Rui Calçada Bastos convoca uma sensibilidade alheia às correntes mais evidentes das linguagens contemporâneas. A sua poética nao se manifesta segundo os cânones de qualquer derrisão (“kitsch” ou não ), de qualquer militância “camp”, na exacerbação expressionista ou na exposição erótica ou sequer sensual do corpo. Digamos que Calçada Bastos encarna a figura não do ser compulsivamente apaixonado (como no mito de D. Juan), mas do apaixonado wertheriano, caído por um ser ideal que a realidade impede de atingir. Num tal herói não se distingue o tormento da alma do tormento do corpo: deslocando-se de cidade em cidade, de país em país, Calçada Bastos arrasta consigo pertences e memórias, reconverte objectos e imagems em discursos deceptivos e melancólicos – e na exploração de mais este conceito histórico da cultura europeia encontramos outra das causas do seu afastamento da superficie mais atractiva da produção actual. Duas peças recentes dão sentido imediato a estas observações: o vídeo “It`s not romantic to be romantic”(2003) e “Love Map” (em dois suportes: múltiplo serigrafado e vídeo em produção). Esta peça entende-se como enfrentamento emotivo e sem censura: consta de um falso mapa que funde quatro cidades onde teve quatro diferentes amores (Lisboa, Berlin, Paris e Budapeste). No vídeo o artista dobra sucessivas esquinas, de cada vez mudando de cidade, mas sugerindo executar um percurso contínuo.

Já a primeira obra citada surge, desde o título, como auto-avaliação crítica: em dois ecrâs contíguos, as personagens (homem e mulher), de novo de costas, são filmadas de cima, dando ao espectador um lugar de omnipresença: ele está num banco de jardim (as folhas mexem em imagem acelerada), ela está no mar mergulhada até à cintura no mar (as ondas em imagem lenta). Num outro vídeo mais antigo o ecrã, também em díptico, mostra um casal, de frente e em plano americano: as imagems aparecem e desaparecem em tempos desencontrados no vapor que cobre e descobre o espelho onde se reflectem. A vida é um campo de impossibilidades, onde a partilha é uma partilha de desencontros.

O video “Quadrifoglio”, de 2002, nomeadamente na cena em que as cartas se trocavam entre o casal protagonista de um dos episódios, já explicitava esta leitura. Curiosamente, “The Mirror Suitcase Man”, a apresentar brevemente em Berlim, termina com uma cena idêntica, embora encenada como troca de malas em filme de espionagem…Nas restantes cenas um homem passeia por Berlim, mostando lugares significativos da biografia do artista na superficie de uma mala forrada de espelhos.

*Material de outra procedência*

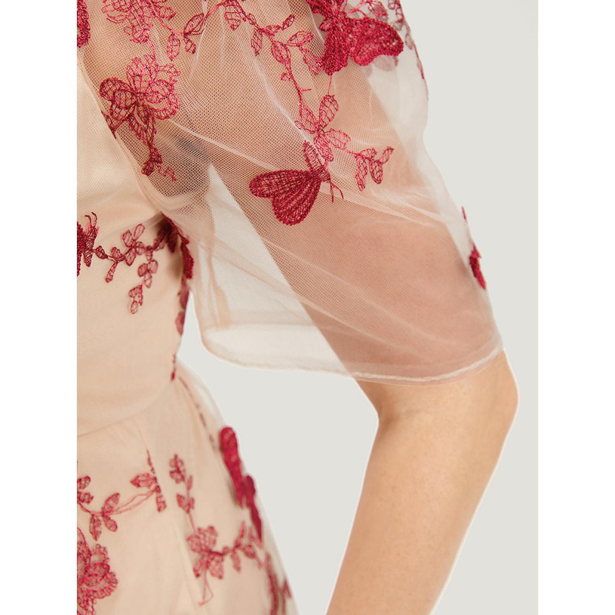 Plus Size Silhouette Floral Print Mesh Puff Sleeve Dress Beige Women Elegant Lined V-neck Half Sleeve Curvy Midi Dress BloomChic 18-20/2X Product Image
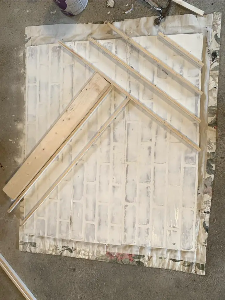 Now, in a perfect world, I would have had some scrap plywood lying around to use as the backing for this wall art. But, alas, I did not. I did, however, have some faux brick paneling leftover from One Room Challenge Industrial Sports Bedroom last year! It needed to be pieced together a bit but I was able to make it work. 3 strips of paneling were pieced together by adding strips of wood to the back in multiple locations. This not only secures them to each other but also provides some stability. Not pretty but functional.

A peça a apresentar em Coimbra, “Casting Thoughts”, desvenda os mesmos sentidos e alcança os seus objectivos através de um outro jogo: o rosto de uma rapariga é captado num complexo jogo de reflexos nos vidros de um metropolitano – sem que nunca nos olhe directamente, sem que nunca o seu corpo material seja captado.

Regresemos às banais fotografias da galeria. “Studio Accident”, Kleine Problem, Keine Problem” e os dois “ateliers” (Paris e Berlim), cada um sob o título “All I Had”, remetem – nos para um universo de trabalho onde o artista ensaia micronarrativas críticas (a estante que cai, a mesa que só tem três pernas) ou onde enuncia todos os espaços e objectos desse universo como elementos participantes da sua biografia sentimental. Já em “Contents” apresentado na Sala Poste-ite, temos o som de um texto onde se nomeiam todos os objectos do “atelier” de Berlim saindo de um conjunto de caixas empilhadas. Finalmente, de novo na galeria, uma vista da janela é dada como noticias do mundo exterior, onde as narrativas se libertam e o autor românticamente deambula: olhando a neve imaculada de um malevichiano quadrado branco rodeado de pegadas, mostrando o estado dos ténis com que dançou seis ininterruptas horas no Maria´s Club.

João Pinharanda in Mil Folhas, Publico, 25 Setembro 2004, Lisboa.